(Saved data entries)
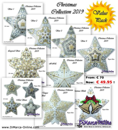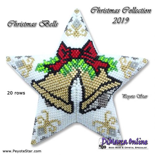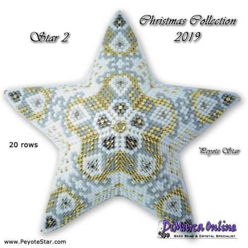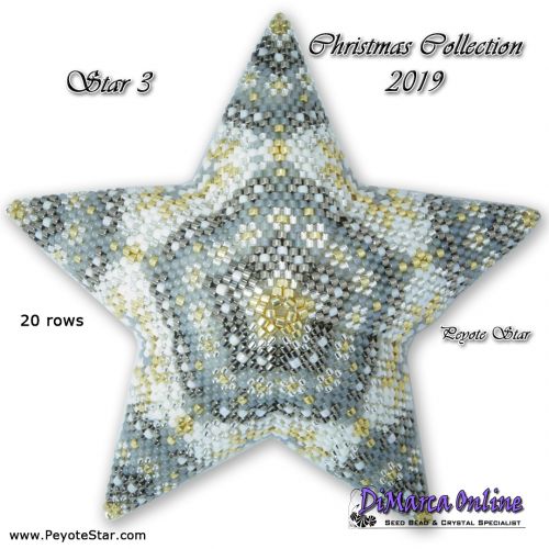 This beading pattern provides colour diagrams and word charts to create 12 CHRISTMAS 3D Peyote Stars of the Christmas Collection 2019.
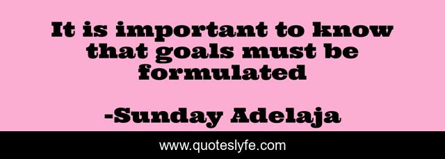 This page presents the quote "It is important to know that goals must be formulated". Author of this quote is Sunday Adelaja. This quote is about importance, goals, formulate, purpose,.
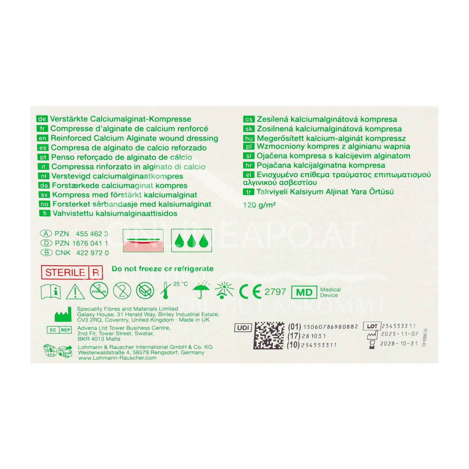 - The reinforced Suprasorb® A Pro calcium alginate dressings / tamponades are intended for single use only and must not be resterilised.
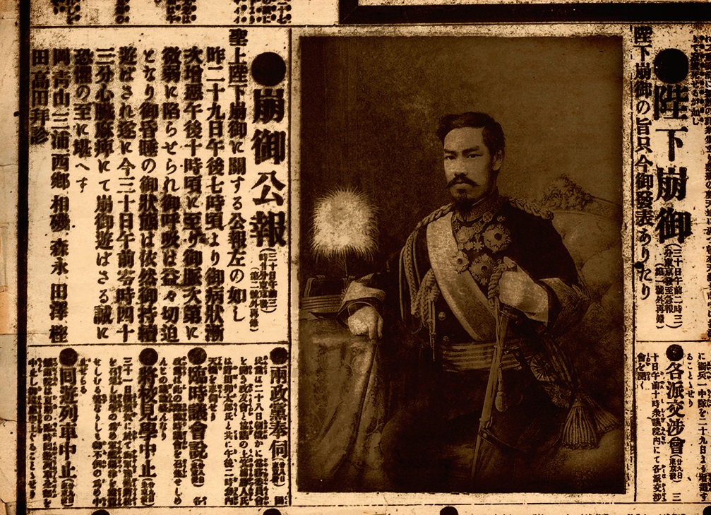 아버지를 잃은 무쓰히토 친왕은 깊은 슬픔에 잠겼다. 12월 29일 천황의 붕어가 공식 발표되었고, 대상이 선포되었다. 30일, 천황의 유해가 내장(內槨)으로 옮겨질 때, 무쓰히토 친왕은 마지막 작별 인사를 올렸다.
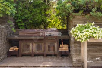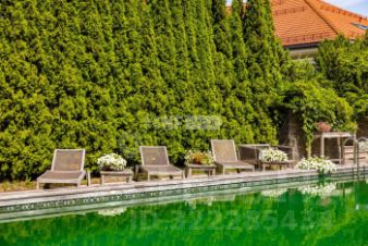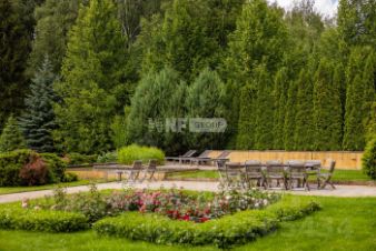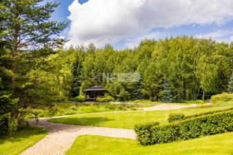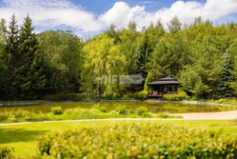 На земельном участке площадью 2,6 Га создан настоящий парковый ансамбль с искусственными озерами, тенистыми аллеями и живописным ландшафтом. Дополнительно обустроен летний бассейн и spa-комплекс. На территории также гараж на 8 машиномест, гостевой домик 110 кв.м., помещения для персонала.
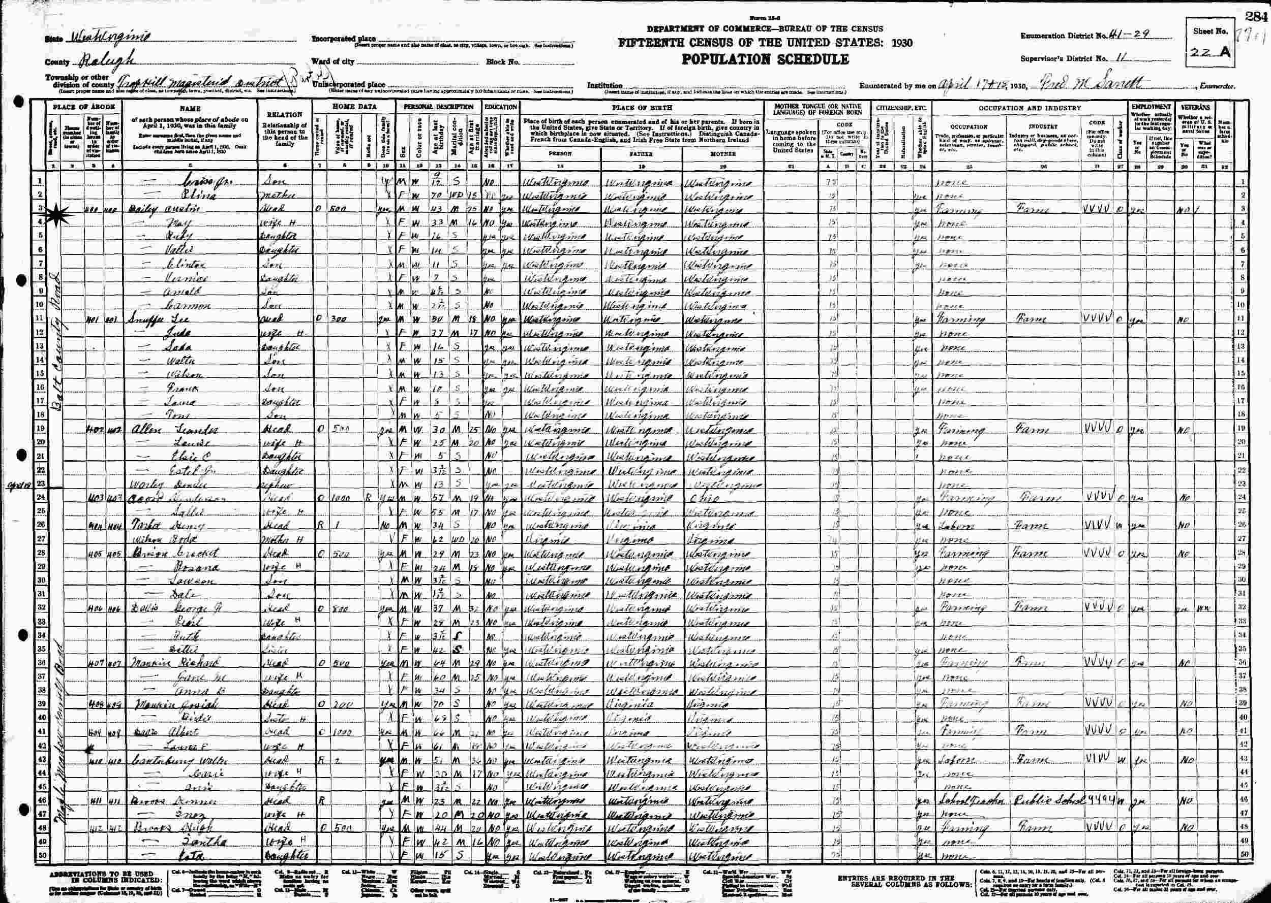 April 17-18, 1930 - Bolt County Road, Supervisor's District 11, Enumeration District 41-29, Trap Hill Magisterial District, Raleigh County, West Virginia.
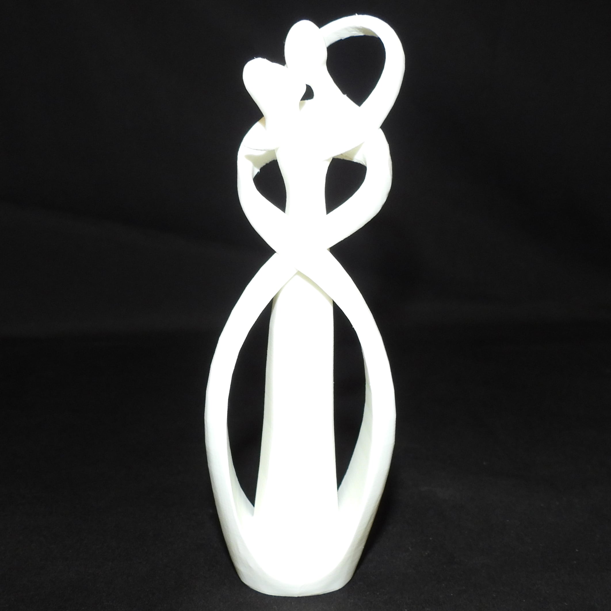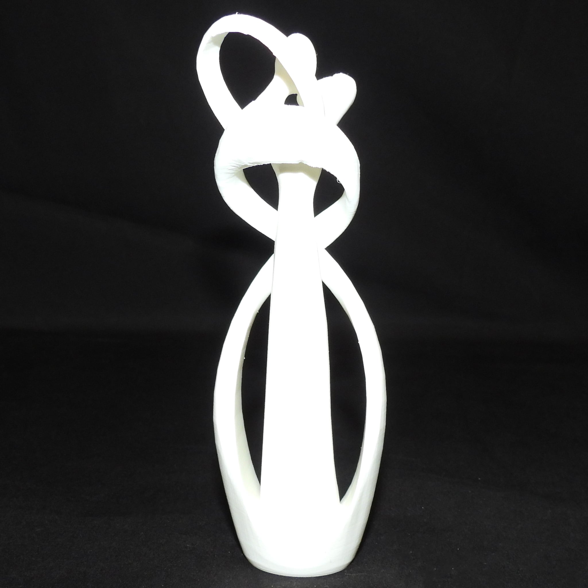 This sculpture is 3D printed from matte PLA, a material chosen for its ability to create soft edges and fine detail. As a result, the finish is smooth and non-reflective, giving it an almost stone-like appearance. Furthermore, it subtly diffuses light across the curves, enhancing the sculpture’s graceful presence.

(Exercise brief)
Restate the data word for word from its first line through the line with "- The reinforced", leaving out any picture along the way.

(Answer section)
 This beading pattern provides colour diagrams and word charts to create 12 CHRISTMAS 3D Peyote Stars of the Christmas Collection 2019.
 This page presents the quote "It is important to know that goals must be formulated". Author of this quote is Sunday Adelaja. This quote is about importance, goals, formulate, purpose,.
 - The reinforced Suprasorb® A Pro calcium alginate dressings / tamponades are intended for single use only and must not be resterilised.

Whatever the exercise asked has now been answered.